Um estudo conduzido pelo Instituto Desiderata revelou que 60,7% das famílias residentes em comunidades carentes no Brasil experimentam algum nível de insegurança alimentar.
Paralelamente, a pesquisa destaca uma preocupante dualidade: a coexistência da fome com o excesso de peso em crianças, um fenômeno conhecido como dupla carga de má nutrição.
A investigação, intitulada 'Ambientes alimentares em favelas: percepção sobre o acesso aos alimentos de moradores de favelas brasileiras', entrevistou 900 residências em três localidades distintas: o Complexo da Maré e Caramujo, no Rio de Janeiro, e o Coque, em Pernambuco. Entre as crianças na faixa etária de 5 a 10 anos, 34,7% apresentaram excesso de peso, sendo que mais de 21% estavam com sobrepeso e 12,95% com obesidade.
Entraves para uma alimentação adequada
Os resultados da pesquisa indicam que as condições alimentares nesses locais são fortemente influenciadas por questões estruturais. O custo dos alimentos emerge como o principal obstáculo, com aproximadamente 43% dos participantes relatando que os alimentos frescos, embora disponíveis, estão fora do alcance financeiro.
Em contrapartida, alimentos ultraprocessados são consumidos com maior frequência e estão mais presentes nas dietas.
Outra dificuldade significativa é o acesso físico aos alimentos. De acordo com o levantamento, 33% dos residentes levam mais de 30 minutos para alcançar o principal ponto de compra de alimentos, e 58% realizam esse trajeto a pé.
A dependência de estabelecimentos locais e supermercados contribui para a formação de áreas que especialistas classificam como “pântanos alimentares”, onde há uma profusão de produtos não saudáveis, e “desertos alimentares”, caracterizados pela escassez de opções nutritivas.
Andrea Rangel, gerente da área de obesidade do instituto, ressalta que o local de moradia tem um impacto decisivo nas escolhas alimentares, e que ambientes mais saudáveis incentivam escolhas mais saudáveis.
“O direito à alimentação está intrinsecamente ligado à capacidade real de fazer escolhas. É essencial que a promoção de alimentos frescos e nutritivos nas comunidades seja o foco de políticas públicas sólidas. Somente quando o CEP de uma pessoa deixar de ser um fator limitante para uma alimentação adequada, alcançaremos a equidade na saúde alimentar”, declarou.
A pesquisa também evidenciou disparidades no acesso à alimentação escolar. No bairro do Coque, em Pernambuco, apesar de 91,67% das crianças estarem matriculadas em creches ou escolas públicas, apenas 16,33% delas realizam a refeição principal na escola.
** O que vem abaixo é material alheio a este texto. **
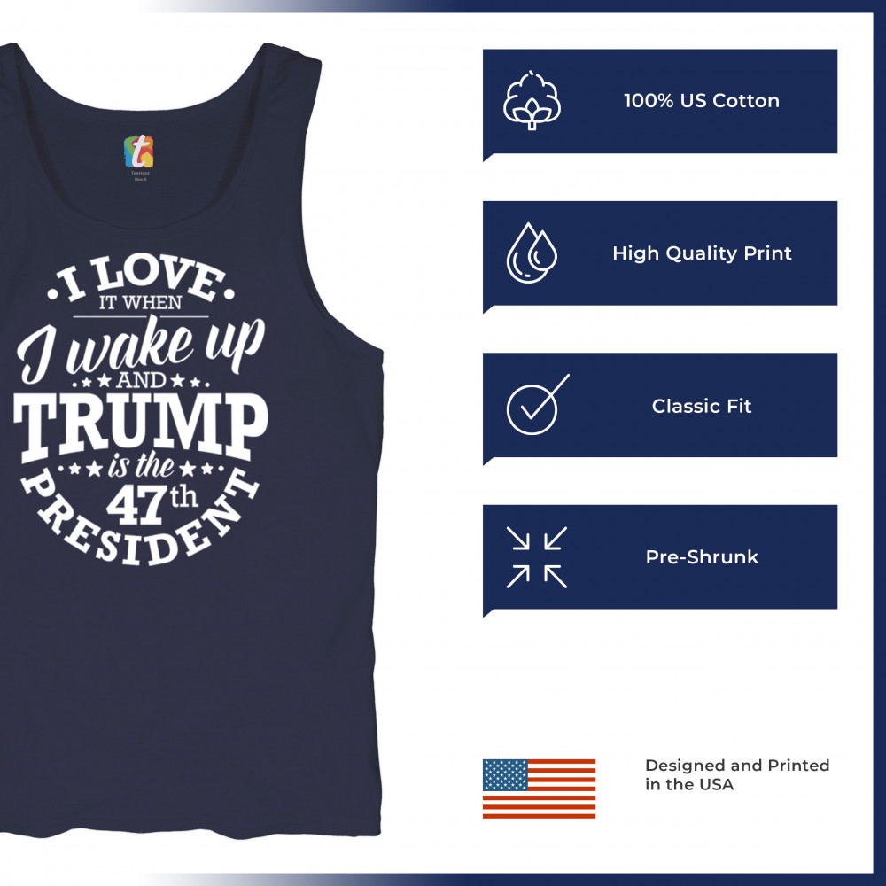 This "I Love It When I Wake Up and Trump is the 47th President" design is the ultimate expression of support for Donald J. Trump and his vision for America. Join the ranks of proud conservatives, Republicans, and America First advocates who are excited about the 47th President’s leadership. Celebrate the Red Wave and stay true to the values of freedom and strength that Trump embodies. Perfect for rallies, gatherings, and everyday patriotic wear.

“Este dado nos chamou muito a atenção e acendeu um alerta para entendermos as razões dessa alta recusa em relação à alimentação escolar”, explicou Andrea Rangel. “Começamos a investigar a qualidade das refeições e possíveis reclamações junto ao Conselho de Alimentação Escolar.”
No Caramujo, localizado no Rio de Janeiro, o estudo apontou dificuldades no suprimento de alimentos. “Cerca de 60% dos entrevistados precisam de mais de 30 minutos para chegar aos locais de compra. Esse dado sinaliza a fragilidade do acesso físico aos alimentos e reforça a necessidade de iniciativas que assegurem a disponibilidade e a qualidade alimentar nessas regiões”, comentou Rangel.
Perfil das famílias e o papel da escola
O perfil socioeconômico das famílias entrevistadas confirma a vulnerabilidade social: 89% dos responsáveis pela alimentação são mulheres, a maioria negras, e os lares contam, em média, com quatro membros.
Apesar das adversidades, a escola se apresenta como um espaço crucial para a proteção alimentar. Entre as crianças participantes da pesquisa, 89,81% estão matriculadas, e mais da metade delas (53%) faz as refeições no ambiente escolar.
A aceitação da merenda escolar também é notável, com 64,47% dos alunos relatando uma boa adesão. Contudo, fatores como operações policiais e interrupções nas atividades escolares impactam diretamente o acesso à alimentação, comprometendo uma rede de proteção social fundamental.